In this work, several limitations appeared to investigate the effect of immobilization on structural and mechanical properties of skeletal muscle post-stroke. First, although rat models were reported to be reliable models of ischemic stroke (Fluri et al. 2015; Yamori et al. 1976) and of skeletal muscle injuries (Gregory et al. 2003; Strata et al. 2004; Ye et al. 2013), we noted some differences between rat and human skeletal muscles that could lead to inaccurate extrapolation (Gregory et al. 2003). In that respect, a similar study on patient post-stroke should be developed as well as other studies with other animals commonly used in skeletal muscles studies such as rabbit (Böl et al. 2012; Abraham et al. 2013; Wheatley et al. 2016b) and pigs (Van Loocke et al. 2008; Jalal and Zidi 2018). Furthermore, the short experimental duration of 14 days and the long half-life of myosin heavy chain (MHC) of 13 days (Leeuw and Pette 1996) induced no significant difference in muscle fiber typology that could be detected by immunohistology between groups. Other techniques as RT-PCR or electrophoresis could allow the measurement of RNA and MHC changes (Stevens et al. 1999). In addition, future studies should examine other microconstituents such as laminin (Townsend et al. 2016), different types of collagen (Urso et al. 2006; Honda et al. 2015) or PAX7+ satellite cells (Dirks et al. 2014; Kneppers et al. 2018). In this context, the degree of anisotropy change of skeletal muscle subjected to stoke and/or should be investigated. For that, an inverse finite element modeling to identify the material parameters of an anisotropic model would be necessary. It also appears interesting to follow these alterations as well as mechanical and locomotor behaviors changes during the first days after stroke. In that sense, a longitudinal study that allowed the measurements of these changes depending on immobilization duration is currently ongoing.

6 Conclusion

The characterization and modeling of skeletal muscle confirmed on a rat model of spastic myopathy that immobilization was a deleterious factor in general and particularly following stroke.
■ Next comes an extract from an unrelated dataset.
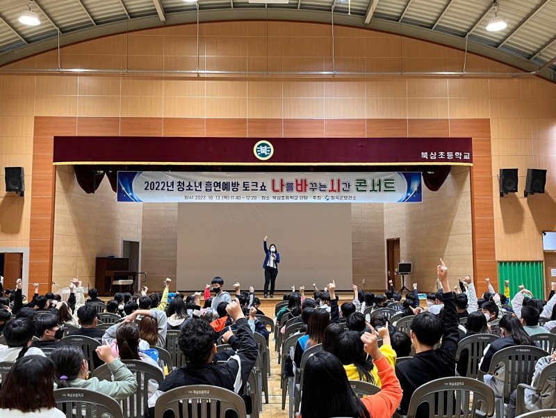 ▣ 북삼초등학교(교장 김혜려)는 2022년 10월 13일(목) 본교 5학년 학생(164명)을 대상으로 칠곡군 보건소 연계 청소년 흡연예방 토크쇼‘나(를) 바(꾸는) 시(간) 나바시 콘서트’를 실시하였다.
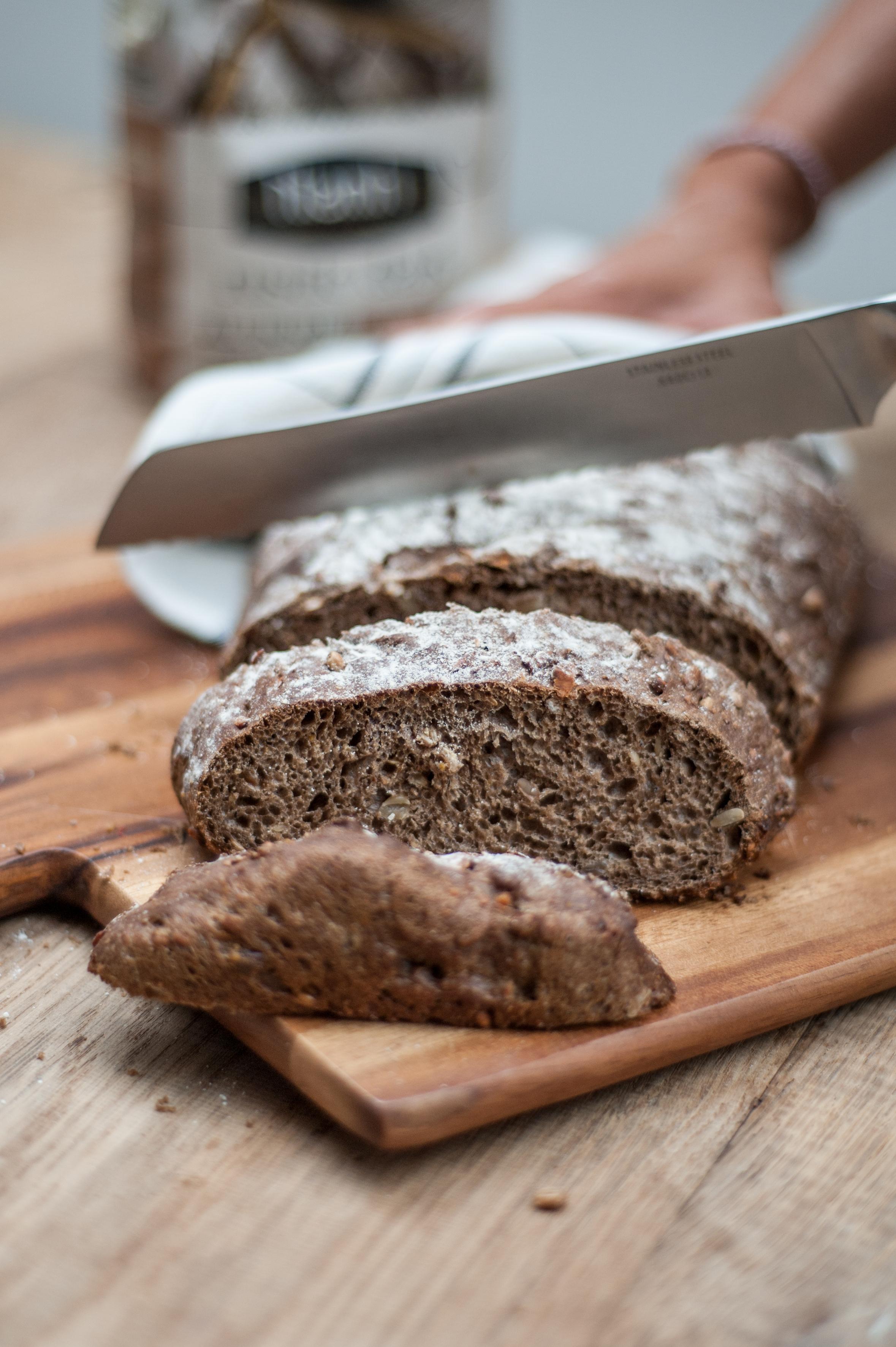 Met de All-in rustic dark broodmix van Niamh wordt brood bakken kinderspel! Wij voegden stukjes dadel toe, een licht zoete toets die perfect past bij de walnoot, desem en mout die al in de mix zitten.

The combination of stroke and immobilization of paretic forelimb led to structural and mechanical alterations of muscle immobilized in short position. The collagen densities in connective tissue, as well as the cross-sectional area of muscle fiber, were particularly impacted by immobilization. The visco-hyperelastic mechanical behavior was also affected by the pathology. Thus, injured muscle trended to become stiffer with a more linear behavior and a larger viscous component. These results in agreement with the literature data on patients with spastic paresis suggested that our model combining stroke and immobilization was a reliable model for the study of spastic myopathy post-stroke. Further studies on animal model and on human post-stroke will make it possible to better understand the evolution of the pathology during the first weeks following a stroke. The effects determined on the animal model raised the question of the patient management following a stroke. Indeed, if our findings were to be confirmed in human, it would then be essential to modify therapeutic strategies in order to prevent the immobilization of some muscle in short position and consequently to avoid the cascade of reactions within the muscle leading to spastic myopathy. To our knowledge, this was the first time that the mechanical and structural changes of skeletal muscle that had been subjected to a stroke and/or immobilization were investigated in this manner.